* **Requirement**: Everything in the listing except the pictures should be written out exactly.

* **Data below**:
= Beginning of Section =

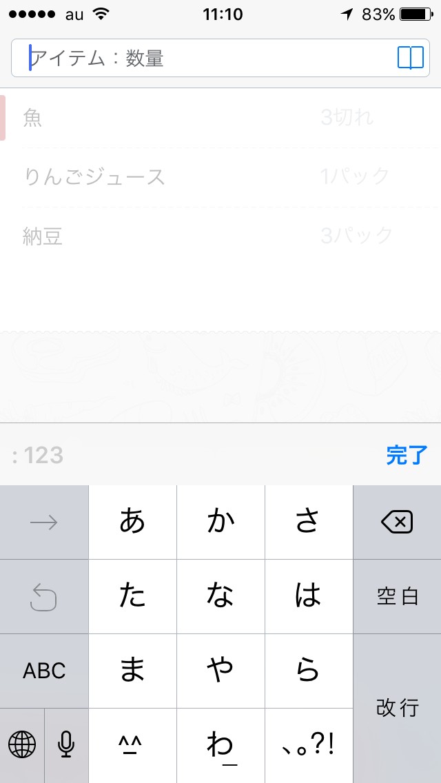 画面上部の「+新しいリスト」をタップし、画面上部の「+新商品」欄に買い物メモを追加します。「アイテムの名前」を入力し、画面中央の「:123」をタップして数量を入力しましょう。画面上に入力したリストが作成されますよ。同じ要領で買い物メモを追加しましょう。買い物リストは複数作成できます。お店ごと、日にちごとなどで作ってみると分かりやすいですよ。
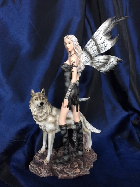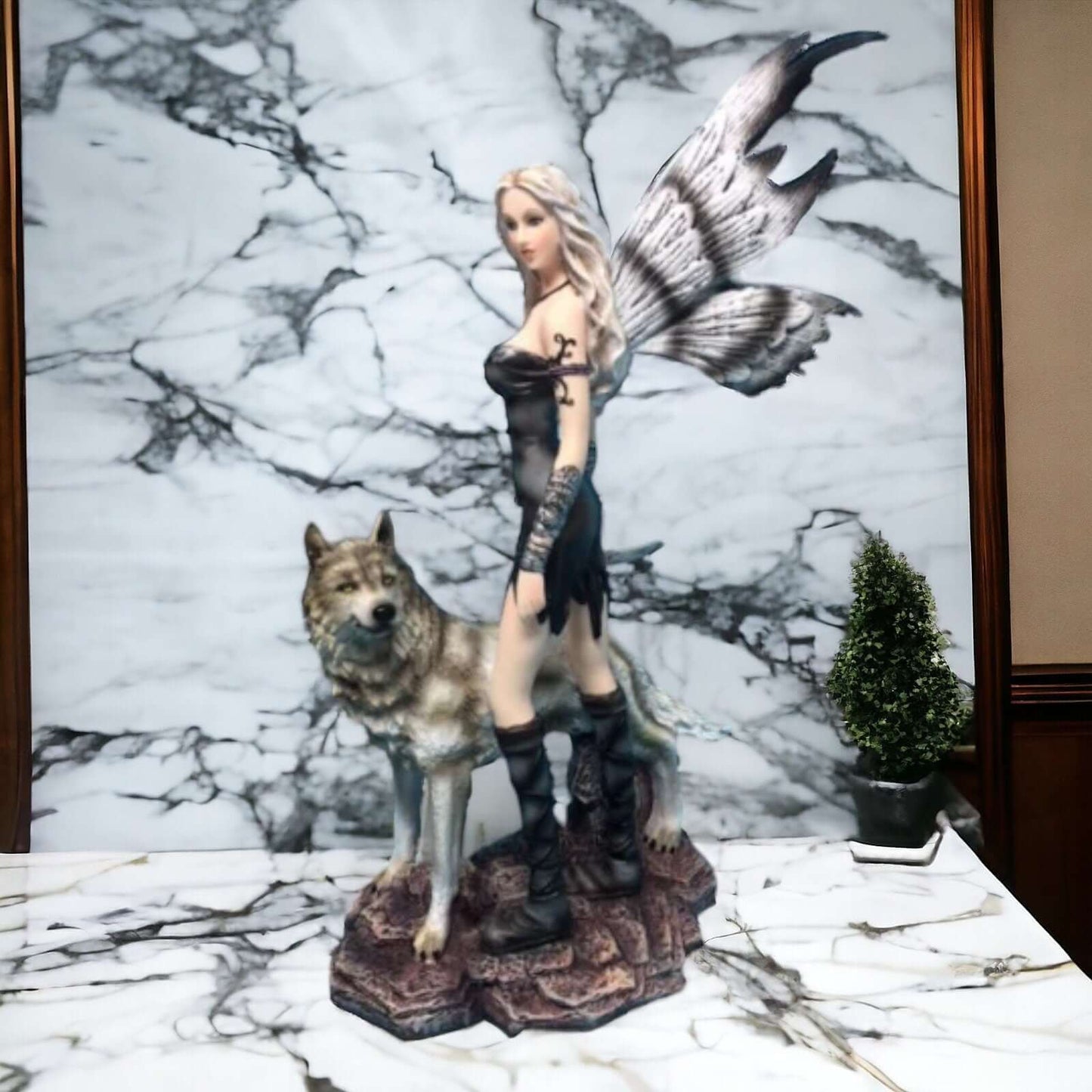 The piece is a testament to skilled craftsmanship, with each feather on the fairy's expansive wings and each strand of fur on the wolf's coat carved with precision. The fairy's delicate features and enigmatic expression invite you to ponder the untold stories of her mystical world, while the wolf's loyal gaze offers protection and companionship.
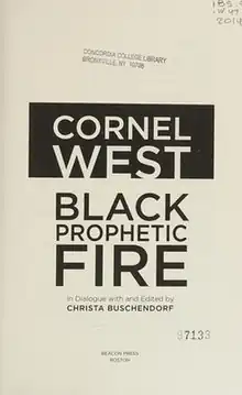 Black Prophetic Fire, published in 2014 by Beacon Press, is a book by Cornel West in dialogue with and edited by Christa Buschendorf, containing six conversations discussing the lives and legacies of figures in the Black prophetic tradition: Frederick Douglass, W. E. B. Du Bois, Martin Luther King Jr., Ella Baker, Malcolm X, and Ida B. Wells. The six conversations are preceded by an introduction titled "Why We Need to Talk About Black Prophetic Fire" and followed by a conclusion titled "Last Words on the Black Prophetic Tradition in the Age of Obama."

= End of Section =

* **Written reply**:
 画面上部の「+新しいリスト」をタップし、画面上部の「+新商品」欄に買い物メモを追加します。「アイテムの名前」を入力し、画面中央の「:123」をタップして数量を入力しましょう。画面上に入力したリストが作成されますよ。同じ要領で買い物メモを追加しましょう。買い物リストは複数作成できます。お店ごと、日にちごとなどで作ってみると分かりやすいですよ。
 The piece is a testament to skilled craftsmanship, with each feather on the fairy's expansive wings and each strand of fur on the wolf's coat carved with precision. The fairy's delicate features and enigmatic expression invite you to ponder the untold stories of her mystical world, while the wolf's loyal gaze offers protection and companionship.
 Black Prophetic Fire, published in 2014 by Beacon Press, is a book by Cornel West in dialogue with and edited by Christa Buschendorf, containing six conversations discussing the lives and legacies of figures in the Black prophetic tradition: Frederick Douglass, W. E. B. Du Bois, Martin Luther King Jr., Ella Baker, Malcolm X, and Ida B. Wells. The six conversations are preceded by an introduction titled "Why We Need to Talk About Black Prophetic Fire" and followed by a conclusion titled "Last Words on the Black Prophetic Tradition in the Age of Obama."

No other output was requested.